On the whole, I think that the system worked well. There were three main snags:

a) The machines only accepted particular coins: as I recall, it was 20p for the washers and 50p for the dryers. That meant that I'd spend the rest of the week being very careful with my change in shops so that I could save up enough coins of the right type to handle my wash. (Also, my electric meter only took £1 coins.)

b) When I do my laundry now, I only have a washing machine (not a tumble dryer), so I hang up my clothes to dry. That's less practical at a laundrette (if you have to carry a bag of wet clothes home), particularly in a situation like the one I mentioned where I had limited space to start out with. So, I was paying extra for the tumble dryer there and being less eco-friendly.

c) If I do my laundry at home, I can leave the machine running in the background while I do something else. At a laundrette, I have to stay there the whole time (even longer if I'm using the dryers too), so it takes a chunk out of the day. Also, laundrettes tend to have fixed hours, whereas I can use my washing machine at midnight if I want to (as long as the neighbours don't mind).
Wednesday, August 22nd, 2007 08:28 am (UTC)
I ponder where when one accounts for energy costs of developing upgrades for a large numbers of machines, installing the upgrades (which would presumably require an engineer to visit a number of number of homes which would be widely scattered) and the ever present ghost of 'administration' costs would outweigh any benefits derived.

I think the current EU 'it should work like this (but might not yet)' plan of when you buy a new device the company selling it being required to recycle the old one is a reasonable solution for our times.
Wednesday, August 22nd, 2007 11:10 am (UTC)
I was thinking more on the lines of a guy who travelled around upgrading people's washing machines for a fee by appointment. Or better, a mini-industry of same.
Thursday, August 23rd, 2007 09:59 am (UTC)
On boilers: I believe it's vastly (for some definition of vast) more efficient to heat the water to the temperature you actually want it at (no more than 40 degrees) than to make it hotter and then dilute with cold water. But many people do not know this and think `using less, hotter water is more efficient innit?'. So just going around telling people that would help.

Similarly, washing clothes on the `short wash' at a cooler temp gets them perfectly clean, unless they were minging. And a cooler temp is better for your clothes.

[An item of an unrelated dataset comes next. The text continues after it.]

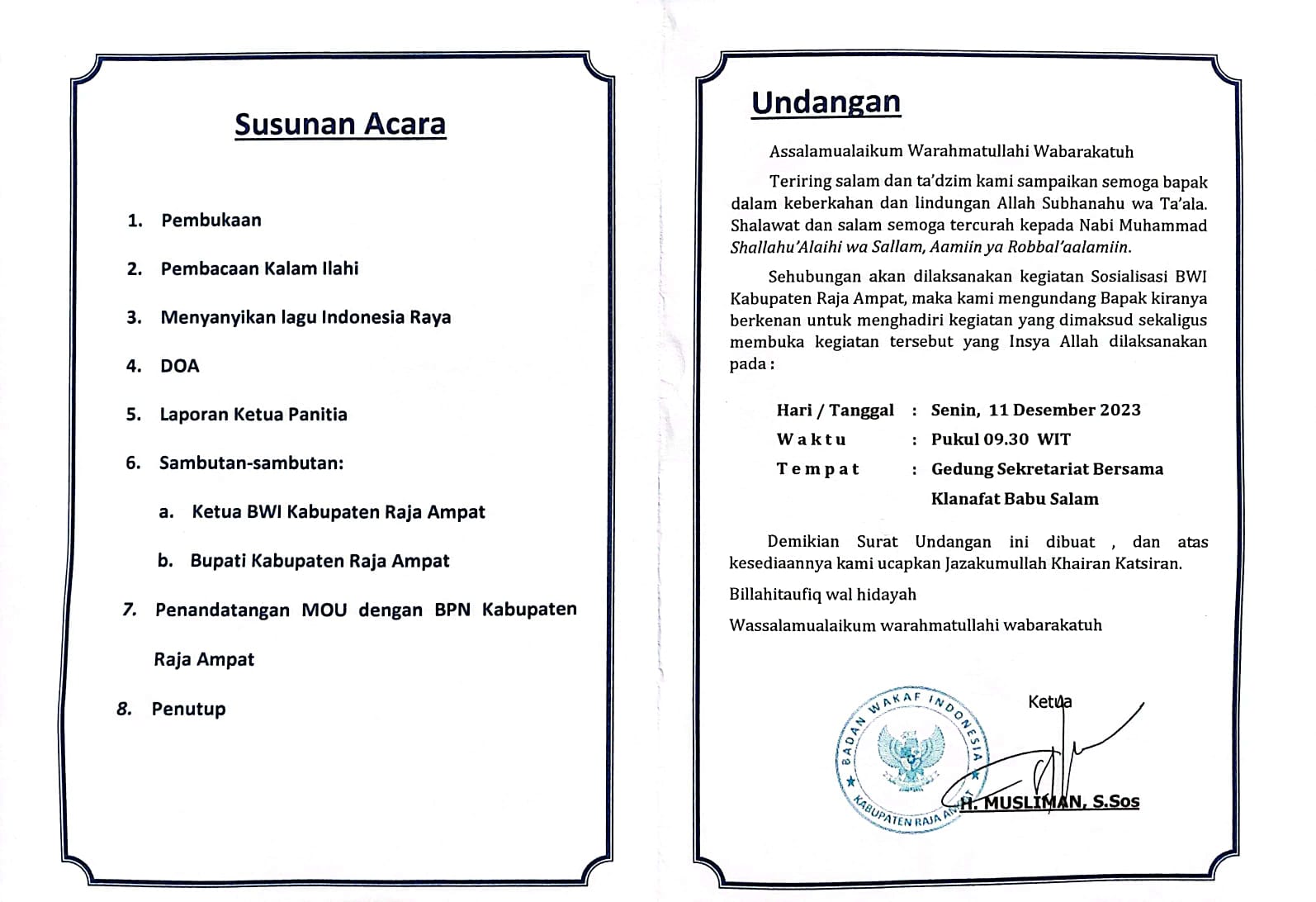 | 2 | Sosialisasi Badan Wakaf Indonesia Kabupaten Raja Ampat | 09:30 | Gedung Sekretariat Bersama Klanafat Babusalam | Bupati | - | Badan Wakaf Indonesia | - | |

So much inefficiency is daftness. And don't mention boiling a kettleful of water; you have to wait longer for tea.
Thursday, August 23rd, 2007 01:11 pm (UTC)
Makes sense: rate of heat loss to the outside is proportional to the difference in the two temperatures, so hotter water will cool faster (or require more energy to maintain its temperature). I don't think people even think about that - they've just always done it by mixing hot and cold water, so they don't stop to question it. I must say that for eg washing up, I just use hot water.